Nebulosa rudicula

Scientific classification
- Kingdom: Animalia
- Phylum: Arthropoda
- Clade: Pancrustacea
- Class: Insecta
- Order: Lepidoptera
- Superfamily: Noctuoidea
- Family: Notodontidae
- Genus: Nebulosa
- Species: N. rudicula
- Binomial name: Nebulosa rudicula Miller, 2008

= Nebulosa rudicula =

- Authority: Miller, 2008

Species of moth

Nebulosa rudicula is a moth of the family Notodontidae first described by James S. Miller in 2008. The length of the forewings is 17.5–18 mm for males. It is endemic to the Pacific versant of the Cordillera de Talamanca in Costa Rica, where it is known from elevations of 2500–2650 m.

== Taxonomy ==
Nebulosa rudicula was formally described by the American entomologist James S. Miller in 2008 based on a male collected from San José Province in Costa Rica. Its specific epithet is derived from the Latin word for a spatula, alluding to the unique spoon-shaped valva the species possesses.

== Description ==
The length of the forewings is 17.5–18 mm for males. The forewings are fuscous with an ovoid whitish fascia past the distal cell and a concolorous, slightly more unicolor underside. The hindwings are nearly transparent.

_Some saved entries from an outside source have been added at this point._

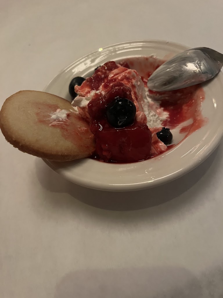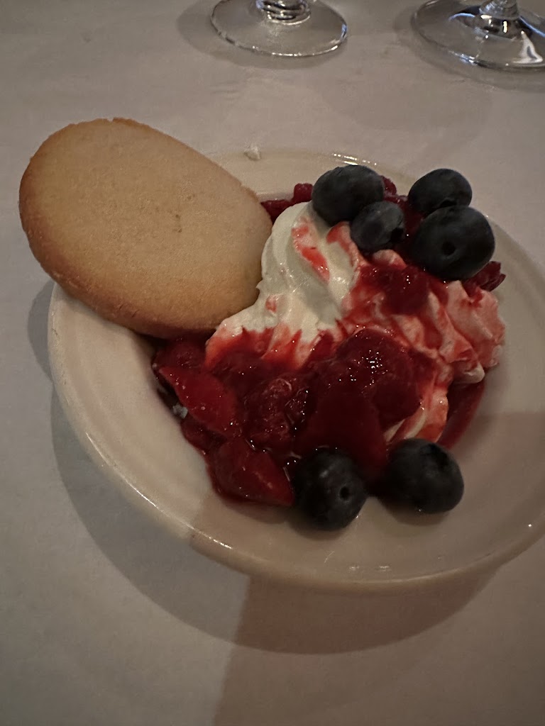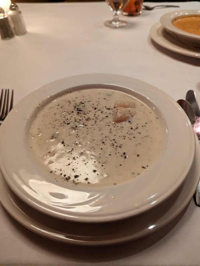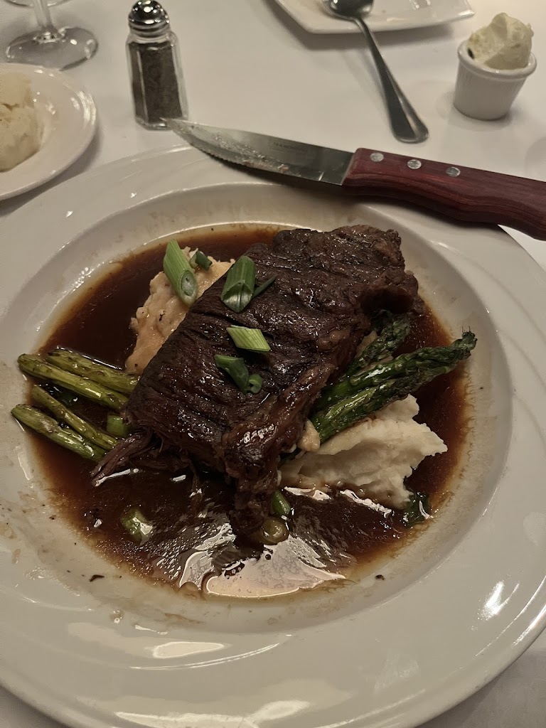 Gray food. Delicious steak and meat dishes. Very experienced wait staff - all highly professional and long tenured. Filet is tasty and we’ll prepared. Not a large dessert menu but what they offer is very good. Their Wisconsin brandy old fashioned is very tasty and nicely done.
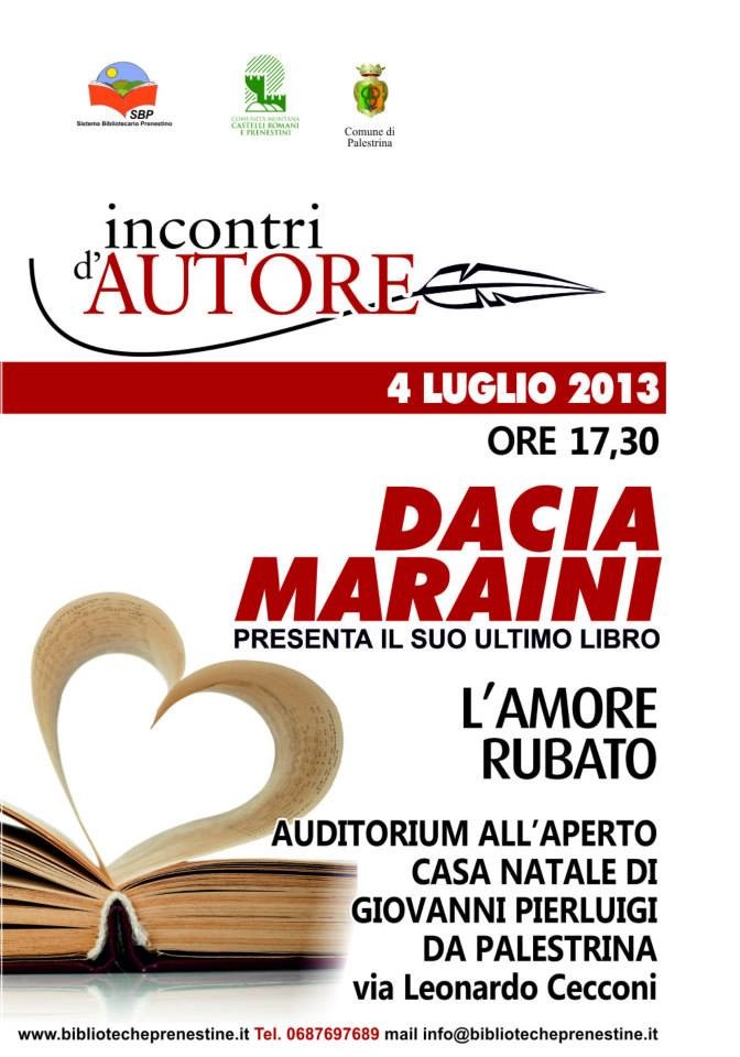 Prosegue l’attività di promozione culturale del Sistema Bibliotecario Prenestino con un appuntamento d’eccezione nell’ambito dell’iniziativa “Incontri d’Autore”. Giovedì 4 luglio alle ore 17.30 presso l’Auditorium all’aperto della Casa Natale di Giovanni Pierluigi da Palestrina, la scrittrice Dacia Maraini presenterà il suo ultimo libro “L’AMORE RUBATO”.
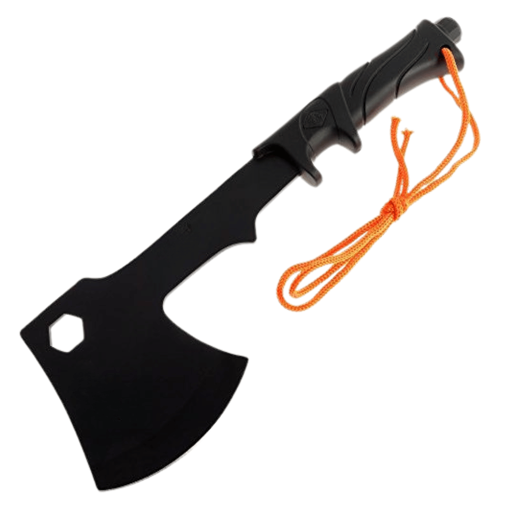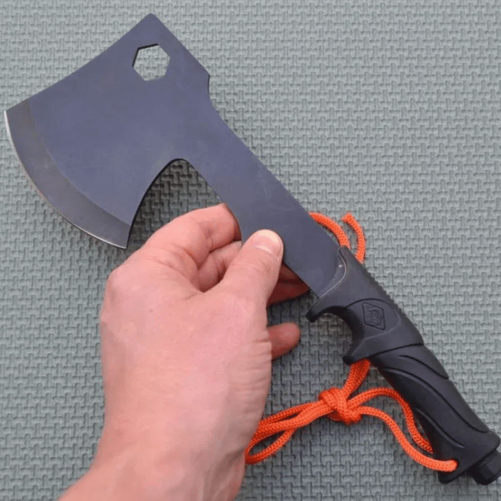 Crafted with precision using durable and lightweight blackened stainless steel, our Onyx Full Tang Hatchet combines an ergonomic design with unbeatable strength. Perfect for any outdoor enthusiast, this hatchet boasts a full tang for superior balance and control, making it a reliable tool for all your camping and hiking needs.
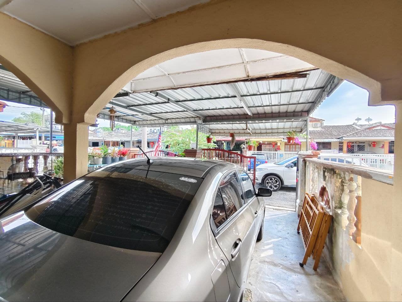 Keluasan Tanah: 1,200 kaki persegi (sqft). Keluasan standard yang mudah dijaga, cukup untuk meletakkan kereta di anjung (porch).
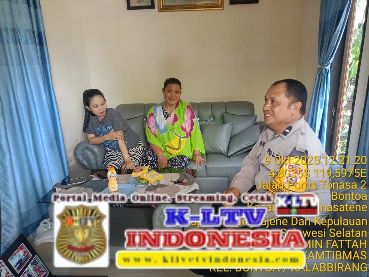 klivetvindonesia.com,Bhabinkamtibmas Kel.Bontoa Polsek Minasatene Polres Pangkep Aipd Muhaemin melaksanakan sambang warga di kampung Bontoa dalam kelurahan Bontoa kecamatan minasatene kabupaten Pangkep, pada hari Kamis (09/10/2025).
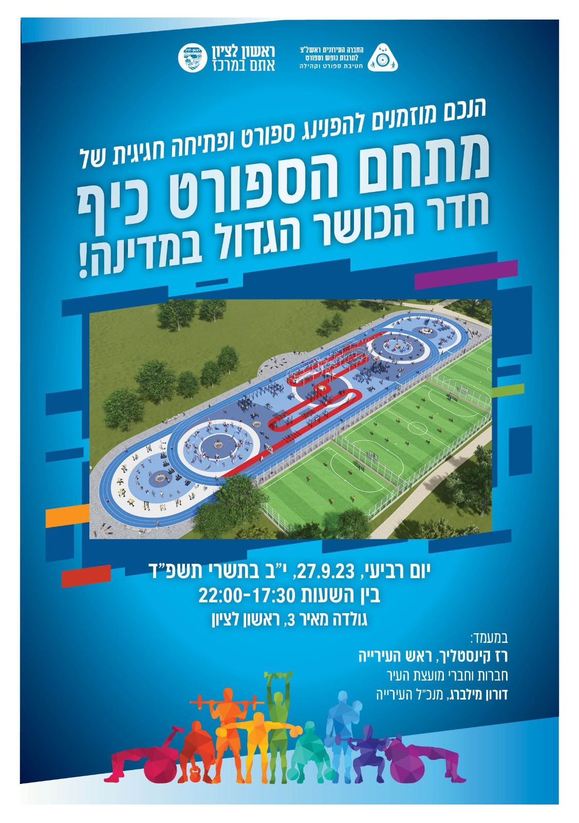 עיריית ראשון לציון תחנוך את מתחם הספורט כיף המחודש - מתחם הכושר הרב תחומי הגדול במדינה - באירוע חגיגי שיתקיים ביום רביעי הבא, 27.9.23, בשעה 17:30. האירוע יתקיים במעמד ראש העירייה - רז קינסטליך, חברות וחברי מועצת העיר, מנכ״ל העירייה - דורון מילברג ומכובדים נוספים. הקהל הרחב מוזמן להגיע לפתיחה החגיגית.
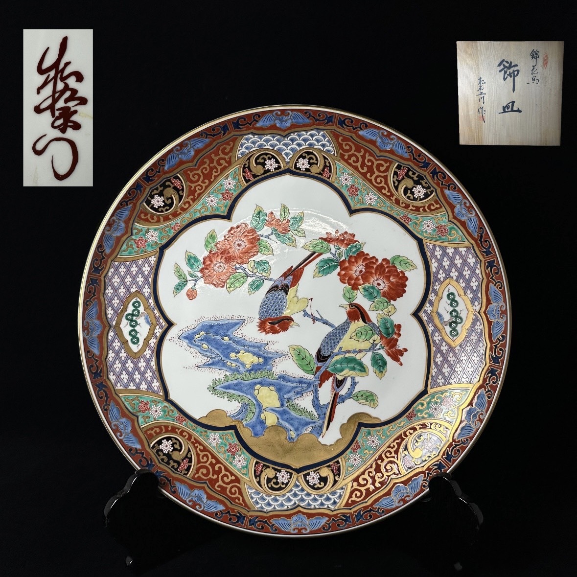 - コレクター買取品 有田焼 伝統工芸士 緒方松右衛門 作 赤絵金彩飾皿 56㎝ 在銘 共箱 皿立付 染錦 色絵 飾物 置物 時代物 骨董品 古美術
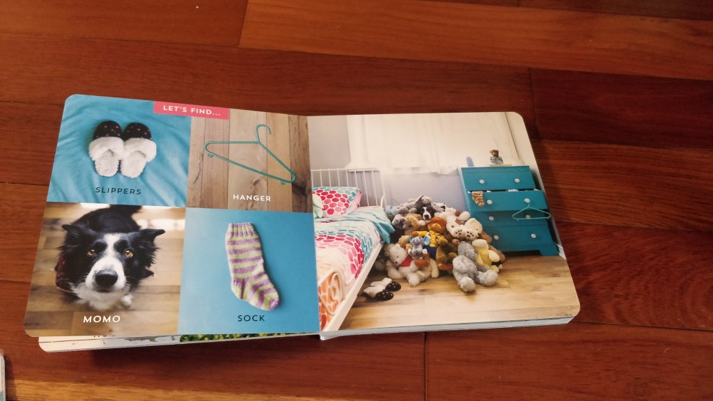 Улюблений песик Момо, що любить ховатися, і книжка з його пошуків.

==Distribution and habitat==
Nebulosa rudicula is endemic to Costa Rica, where it is found on the Pacific versant of the Cordillera de Talamanca. It has been documented from only from three locations in San José Province, but further surveys are required to confirm the extent of its range. Specimens of the present species are likely to have been misidentified as N. halesius in historical collections. It has been recorded at elevations of 2500–2650 m.